Pianeta America
L’economia è troppo debole per rinunciare al QE

A mio avviso le borse si sono spinte troppo in avanti nel prezzare una riduzione dell’ammontare di titoli acquistati dalla Fed nell’ambito del suo programma di espansione quantitative. Gli investitori ritengono che l’economia cresca ad un ritmo robusto, e hanno enfatizzato le risposte di Bernanke in conferenza stampa, ritenendo che la Fed ridurrà il QE nei mesi a venire. Il risultato è stato un calo improvviso delle quotazioni azionarie, e un balzo dei rendimenti dei titoli di stato. L’aspetto che invece più ci ha colpiti, è stata l’affermazione secondo cui la riduzione avrà luogo non prima di un miglioramento dell’economia «effettivo e sostenuto». Il problema è rappresentato dal fatto che ciò risulta alquanto improbabile, dal momento che la crescita economica, lungi dall’accelerare, sta rallentando verso un tasso di crescita annuale del 2%; se non meno.
Anche il tasso di inflazione si sta raffreddando: un’altra buona ragione per non rimuovere lo stimolo del QE. L’indicatore preferito della Fed, il PCE Deflator, è salito di appena l’1.1% rispetto ad un anno fa. Oltretutto non crediamo che Bernanke pensi ad una manovra drastica come un rincaro di 50 punti base, e farà qualcosa per correggere il tiro in occasione della conferenza stampa della prossima settimana, che segue di solito le riunioni ordinarie del FOMC. Questo sulla scia della consuetudine in essere qualche tempo, di rivedere le argomentazioni se precedentemente hanno prodotto degli effetti non graditi.

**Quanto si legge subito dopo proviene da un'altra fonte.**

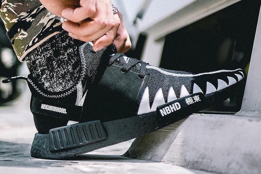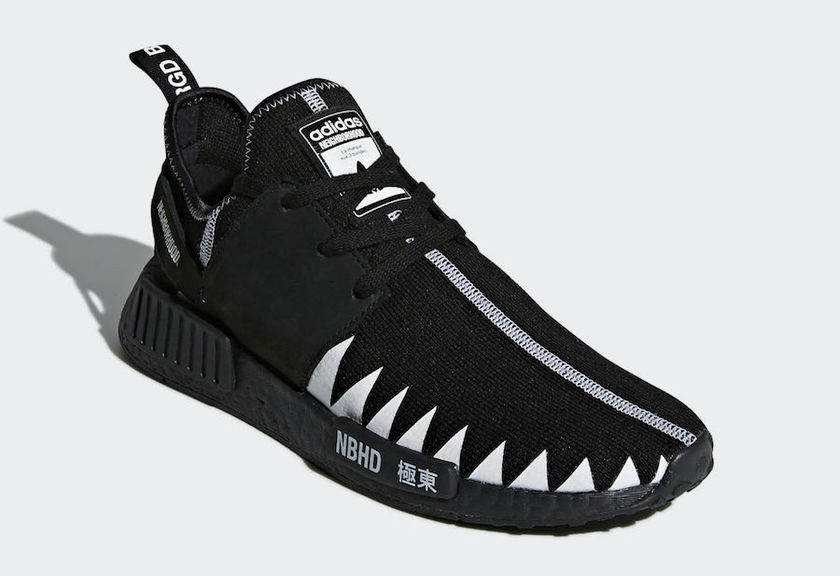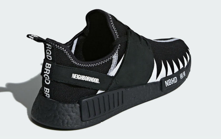 早前为大家带来过一双 NEIGHBORHOOD 与 adidas NMD R1 的联名鞋款样品,其中前稳定块上还写有“NBHD 极东”字样,与鞋舌、后跟绑带和鞋提上的 Logo 一同彰显联名身份,又是一暗黑系的新作。此番终于迎来发售信息,你是否期待已久了呢?
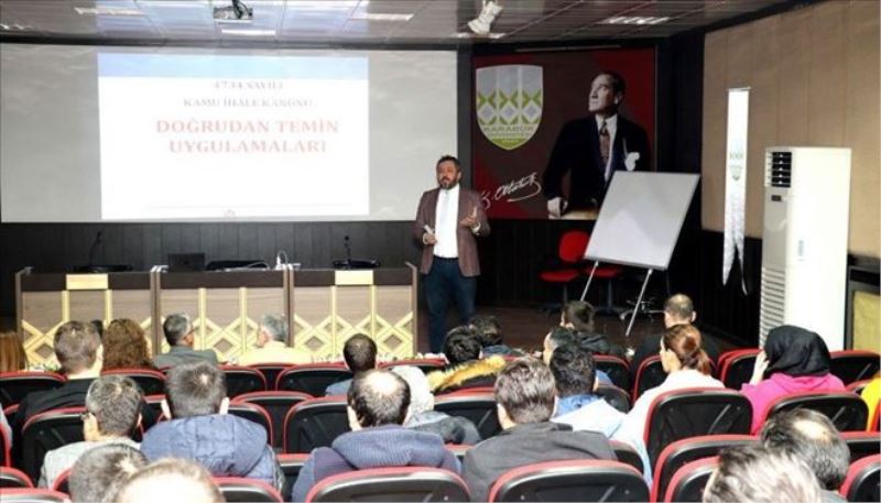 “Kamu İhale Mevzuatı” konulu eğitim programı, ilgili personelin katılımıyla Tıp Fakültesi Konferans Salonunda yapıldı.

Il problema è che la borsa non sarà aiutata in alcun modo da indicazioni secondo cui la Fed non procederà anticipatamente a rimuovere gli stimoli, come gli investitori sono stati indotti a credere. Non solo l’economia rimane fragile, ma la ripresa globale perde colpi. La Banca Mondiale ha seguito il FMI nel rivedere verso il basso le stime per il 2013. La politica monetaria distensiva in Giappone, così come il rallentamento delle importazioni in Cina, hanno impattato sulle economie degli stati emergenti. I prezzi delle materie prime ad uso industriale sono in ribasso e diverse borse emergenti sono state pesantemente impattate. Anche i cambi emergenti sono stati colpiti dalle vendite, malgrado in alcuni casi i tassi siano stati incrementati.
Per quanto concerne gli Stati Uniti, non si scorge nemmeno in lontananza l’accelerazione del ciclo economico. Sebbene le buste paga di maggio siano state superiori alle aspettative, siamo sempre su livelli inferiori rispetto a quelli di appena sei mesi fa. E le assunzioni languono.
Allo stesso modo, la percepita corposità della spesa per consumi risulta un pensiero benevolo. Lo scorso mese la PCE è scesa dello 0.2% e il reddito disponibile dello 0.1%, con il tasso di risparmio calato al 2.5% del reddito disponibile. Lo scenario rimane poco incoraggiante, tenuto anche conto dell’ISM Index più basso da giugno 2009.

In definitiva, crediamo che la crescita economica rimane troppo stagnante affinché la Fed proceda a ridurre il programma di acquisti, come gli investitori ritengono. Tuttavia, lungi dal rivitalizzare il mercato, ciò porterà a spostare l’attenzione sulla debolezza dell’economia e sui dati di bilancio che conseguentemente sorprenderanno verso il basso a partire dal secondo semestre. Ci sono buone probabilità che il massimo dell’anno sia stato formato.